In 2004, Dutch photographer Rob Hornstra moved to the Ondiep district in Utrecht, where he regularly photographed his now deceased neighbor: Kid. This resulted in the project Man Next Door.The first time that Hornstra meets Kid is during his move in 2004. Kid appeared at his doorstep, shirtless, questioning what Hornstra was doing there.
From that moment on, Kid regularly keeps an eye out for his neighbor while Hornstra is abroad on projects. In return, Hornstra also helps his neighbor out: Kid often runs out of phone credit and is able to borrow Hornstra’s phone on several occasions. Hornstra also helps him out with his mail as Kid has reading difficulties. As Kid is diabetic and heavily dependent on alcohol and other substances, domestic life runs silent in Kids house when his wife and his then eight year old son flee to a domestic abuse shelter. During good periods in his life, Kid is at home. This is the place where Hornstra photographs him. When things take a turn for the worse, Kid is wandering about the city center of Utrecht. The photographer doesn’t see Kid as much anymore in the last year of his life. Then, the news reaches him that Kids body has been found between two boats at the Utrecht canals. He was 42 years old.

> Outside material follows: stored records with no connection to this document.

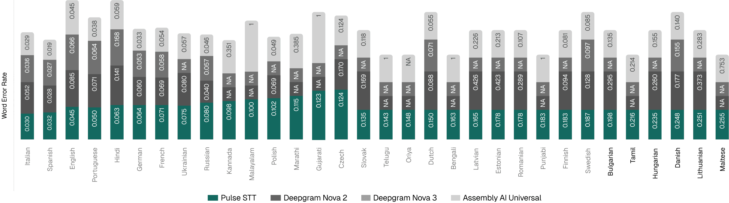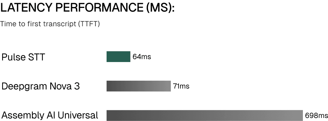 Pulse STT outperforms the competition with the lowest Word Error Rates across 30+ languages and sub-70ms latency for seamless, real-time conversations.
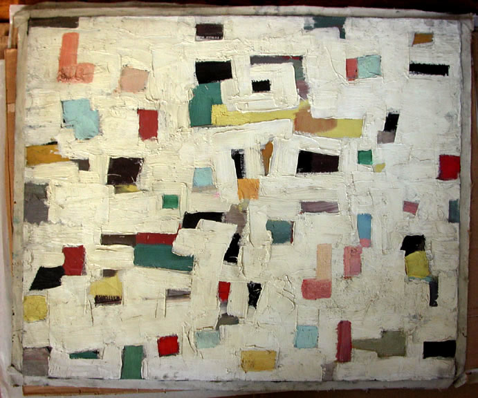 153 Untitled (Abstract Squares on White) Dim: 25" x 29" Year: 1956 Medium: Oil Substrate: Canvas-Unframed EstateSigned SOLD |
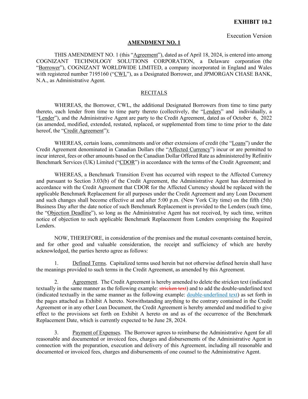 EXHIBIT 10.2 Execution Version AMENDMENT NO. 1 THIS AMENDMENT NO. 1 (this “Agreement”), dated as of April 18, 2024, is entered into among COGNIZANT TECHNOLOGY SOLUTIONS CORPORATION, a Delaware corporation (the “Borrower”), COGNIZANT WORLDWIDE LIMITED, a company incorporated in England and Wales with registered number 7195160 (“CWL”), as a Designated Borrower, and JPMORGAN CHASE BANK, N.A., as Administrative Agent. RECITALS WHEREAS, the Borrower, CWL, the additional Designated Borrowers from time to time party thereto, each lender from time to time party thereto (collectively, the “Lenders” and individually, a “Lender”), and the Administrative Agent are party to the Credit Agreement, dated as of October 6, 2022 (as amended, modified, extended, restated, replaced, or supplemented from time to time prior to the date hereof, the “Credit Agreement”); WHEREAS, certain loans, commitments and/or other extensions of credit (the “Loans”) under the Credit Agreement denominated in Canadian Dollars (the “Affected Currency”) incur or are permitted to incur interest, fees or other amounts based on the Canadian Dollar Offered Rate as administered by Refinitiv Benchmark Services (UK) Limited (“CDOR”) in accordance with the terms of the Credit Agreement; and WHEREAS, a Benchmark Transition Event has occurred with respect to the Affected Currency and pursuant to Section 3.03(b) of the Credit Agreement, the Administrative Agent has determined in accordance with the Credit Agreement that CDOR for the Affected Currency should be replaced with the applicable Benchmark Replacement for all purposes under the Credit Agreement and any Loan Document and such changes shall become effective at and after 5:00 p.m. (New York City time) on the fifth (5th) Business Day after the date notice of such Benchmark Replacement is provided to the Lenders (such time, the “Objection Deadline”), so long as the Administrative Agent has not received, by such time, written notice of objection to such applicable Benchmark Replacement from Lenders comprising the Required Lenders. NOW, THEREFORE, in consideration of the premises and the mutual covenants contained herein, and for other good and valuable consideration, the receipt and sufficiency of which are hereby acknowledged, the parties hereto agree as follows: 1. Defined Terms. Capitalized terms used herein but not otherwise defined herein shall have the meanings provided to such terms in the Credit Agreement, as amended by this Agreement. 2. Agreement. The Credit Agreement is hereby amended to delete the stricken text (indicated textually in the same manner as the following example: stricken text) and to add the double-underlined text (indicated textually in the same manner as the following example: double-underlined text) as set forth in the pages attached as Exhibit A hereto. Notwithstanding anything to the contrary contained in the Credit Agreement or in any other Loan Document, the Credit Agreement is hereby amended and modified to give effect to the provisions set forth on Exhibit A hereto on and as of the occurrence of the Benchmark Replacement Date, which is currently expected to be June 28, 2024. 3. Payment of Expenses. The Borrower agrees to reimburse the Administrative Agent for all reasonable and documented or invoiced fees, charges and disbursements of the Administrative Agent in connection with the preparation, execution and delivery of this Agreement, including all reasonable and documented or invoiced fees, charges and disbursements of one counsel to the Administrative Agent.
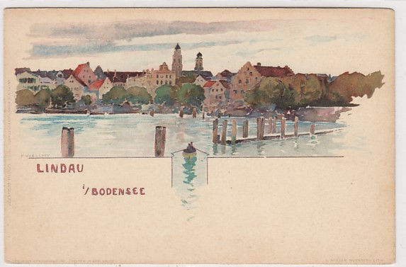 Lindau am Bodensee Litho Künstlerkarte F.Voellmy ca 1900
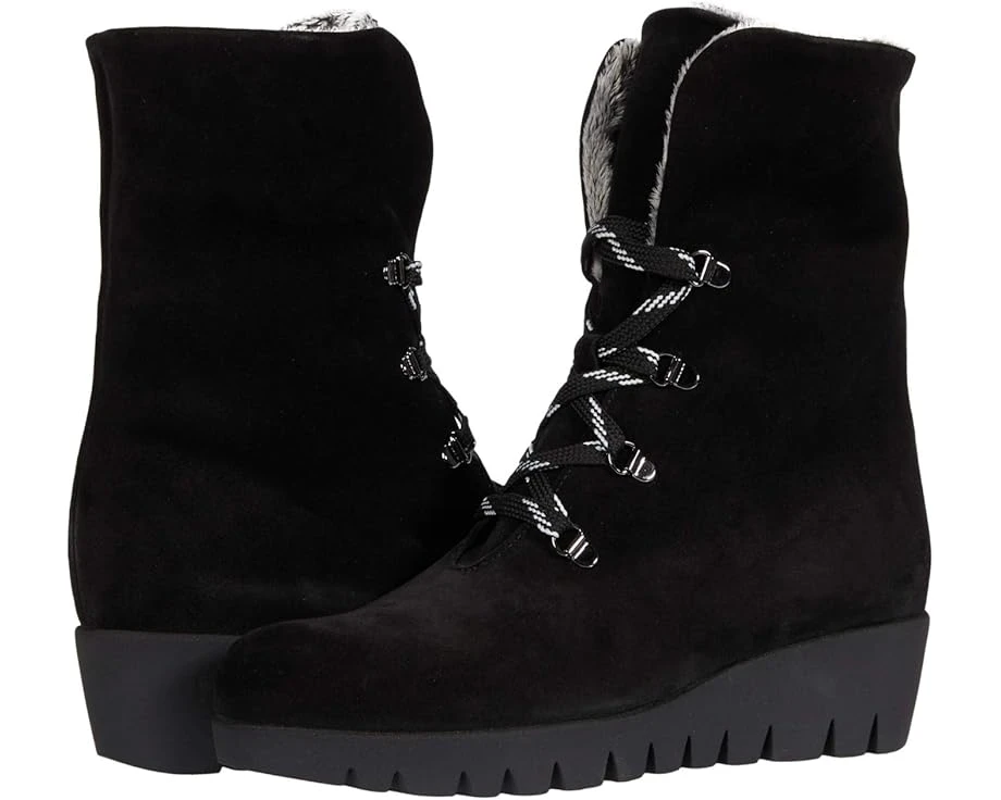 The La Canadienne® Tanya Italian waterproof suede slip-on boot with optional functional laces features a faux-fur-lined top collar that can be worn up or folded down for added style and versatility. SKU: #9413642Soft and breathable microfiber linings with a cushioned memory foam footbed for all-day support.Made in Canada.Product measurements were taken using size 9, width M (B). Please note that measurements may vary by size.Measurements:
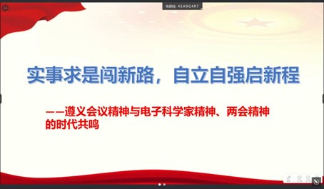 电子科技大学微波工程第八党支部王小璐同学聚焦遵义会议精神和电子科学家精神,作“传承红色基因、担当时代使命”主题宣讲。遵义会议通过“摆事实、讲道理”纠正错误,与科学家“求实”精神相通;强调独立自主,与科技自立自强相呼应;民主讨论与集体决策,与两会精神民主协商、集中力量办大事相呼应。新时代青年应弘扬遵义会议与科学家精神,为实现科技自立自强和民族复兴贡献力量。
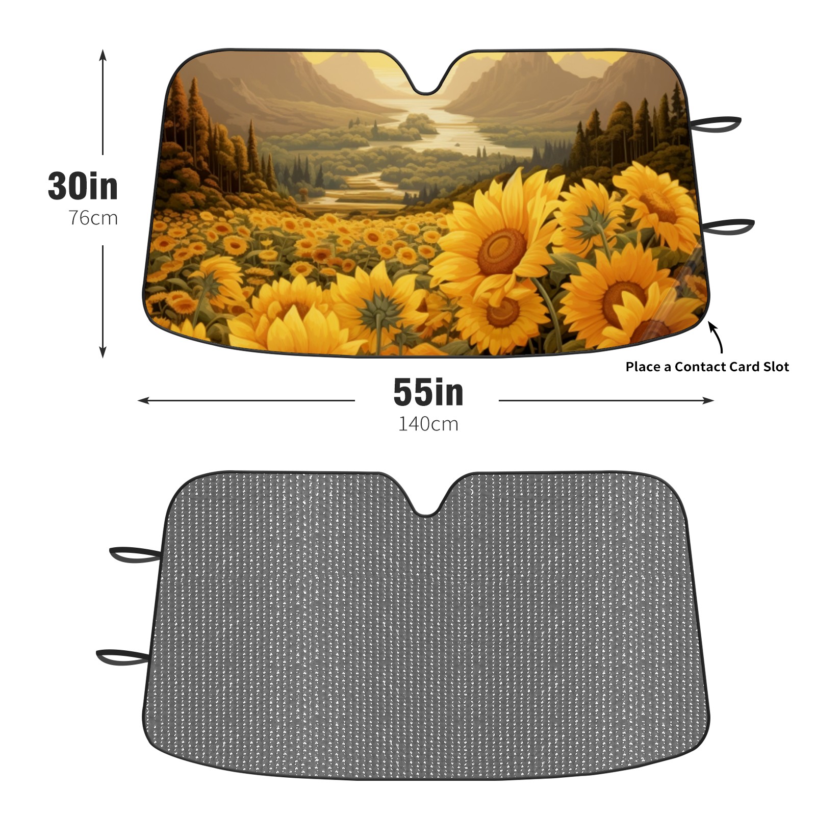 Diameter /Size 63"L x 33.5"W Made from excellent materials which makes it sturdy and protects the car from the sun. Easy to use and pack. Makes the interior of the car cooler.You can easily stash the sunshade in the storage bag or store long term.It open and closes easy. Also the leather storage bag is durable and easy to put the umbrella back into.This windshield sunshade provides complete coverage and keeps your car interior cool under direct sun. It is easy to open and position under the windshield and around the rear-view mirror. Makes Your Car Easy To Identify, Perfect For Finding Your Car In Crowded Parking Lots And Garages.Great Choice: It Is A Great Gift For Dad, Boyfriend, Brother, Brother And Uncle, Friends, Classmates, Family And So On. Notice: Due To Difference Computer Monitors, The Color Maybe Slightly Different From Picture. As Different Measurement Methods, Measurement Data Will Float Within 2%.I Hope You Understand. If You Have Any Question About The Item Please Do Not Hesitate To Contact Us Immediately And We Will Give You A Satisfactory Reply Within 24 Hours.
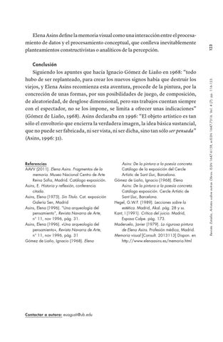 Asins: De la pintura a la poesía concreta. Catálogo de la exposición del Cercle Artístic de Sant Lluc, Barcelona. Gómez de Liaño, Ignacio (1968). Elena Asins: De la pintura a la poesía concreta. Catálogo exposición. Cercle Artístic de Sant Lluc, Barcelona. Hegel, G.W.F. (1989). Lecciones sobre la estética. Madrid, Akal. pág. 28 y ss. Kant, I (1991). Crítica del juicio. Madrid, Espasa Calpe. pág. 173. Maderuelo, Javier (1979). La rigurosa pintura de Elena Asins. Profesión médica, Madrid. Memoria visual [Consult. 2013113] Dispon. en http://www.elenaasins.es/memoria.html
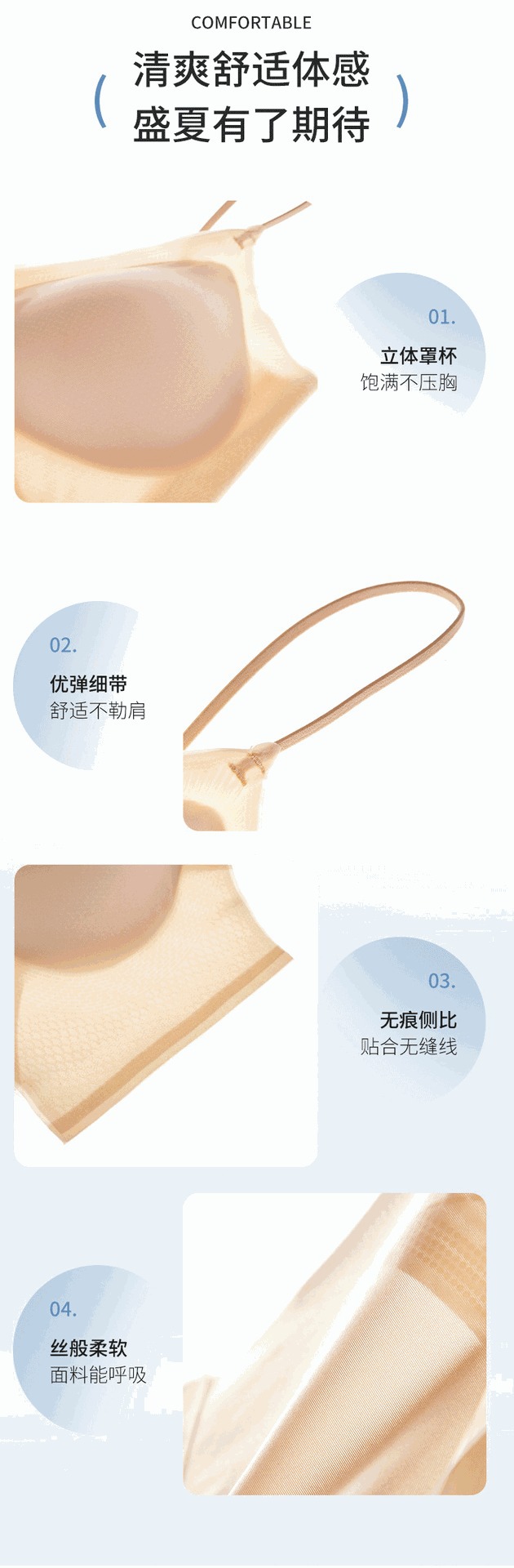 【오리지널】여성용 속옷 무봉제 통근용 여름 초박형 노와이어 작은 가슴 모아주는 시원한 조끼형 브라
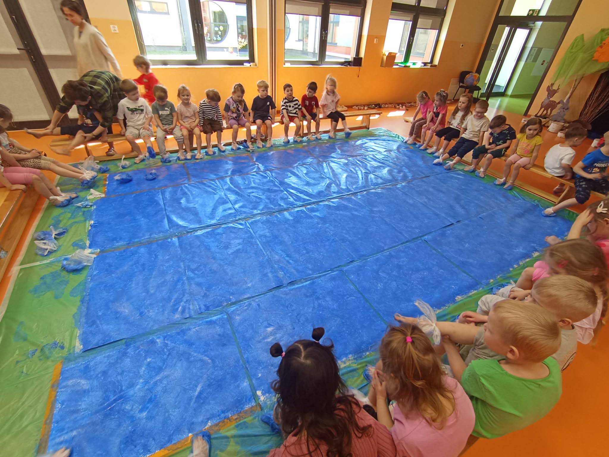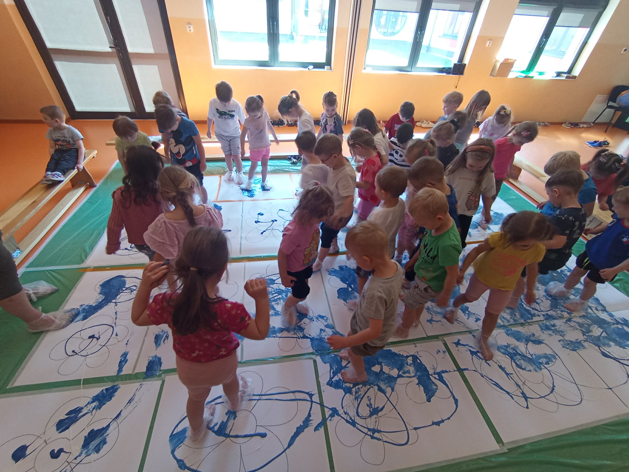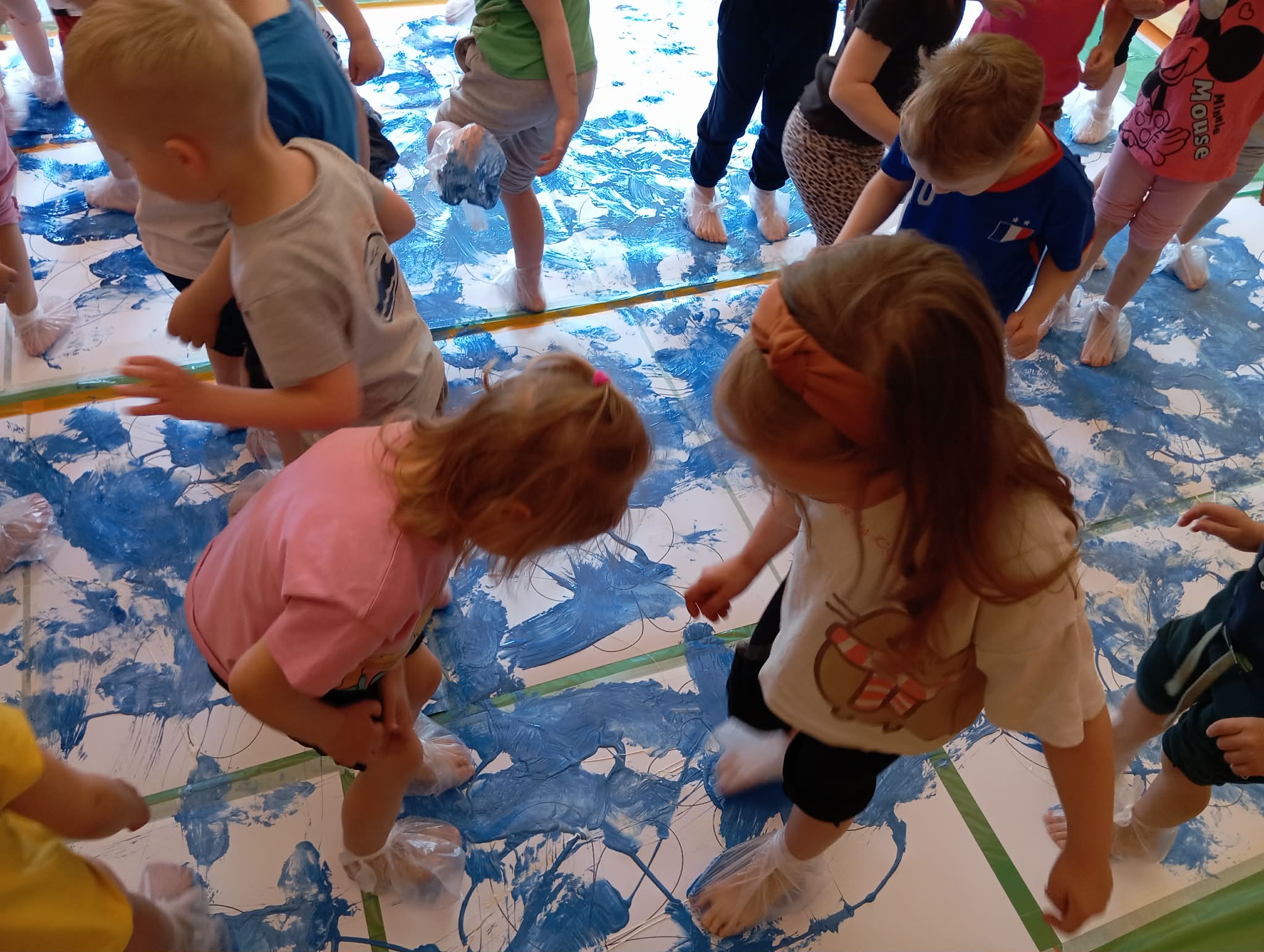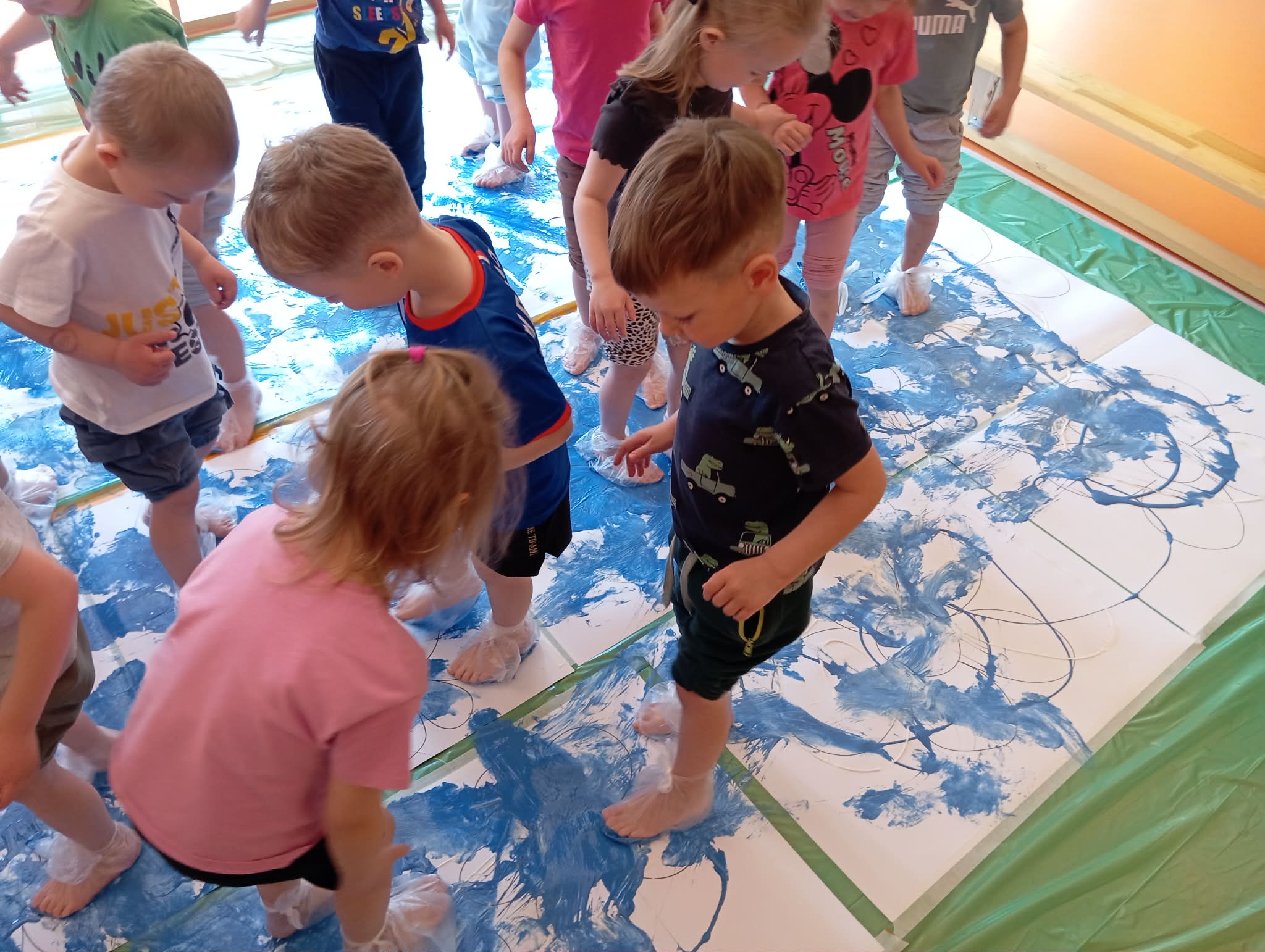 Kolejną aktywnością w ramach niebieskiego miesiąca było malowanie stopami. Morelki i Truskawki spotkały się na sali gimnastycznej, by wspólnie stworzyć piękne kwiaty, które następnie ozdobiły nasze przedszkole. Dzieci z pełnym zaciekawieniem i zaangażowaniem podeszły do zadania.

Man Next Door examines the stigmatisation of the working class while offering a rare insight into the life of a working-class Utrecht boy – a life told through Hornstra’s photographs, Kid’s family snapshots and excerpts from police reports. What emerges is a bewildering picture of Kid’s many personalities, inevitably raising the question: how well do you know the person who lives next door?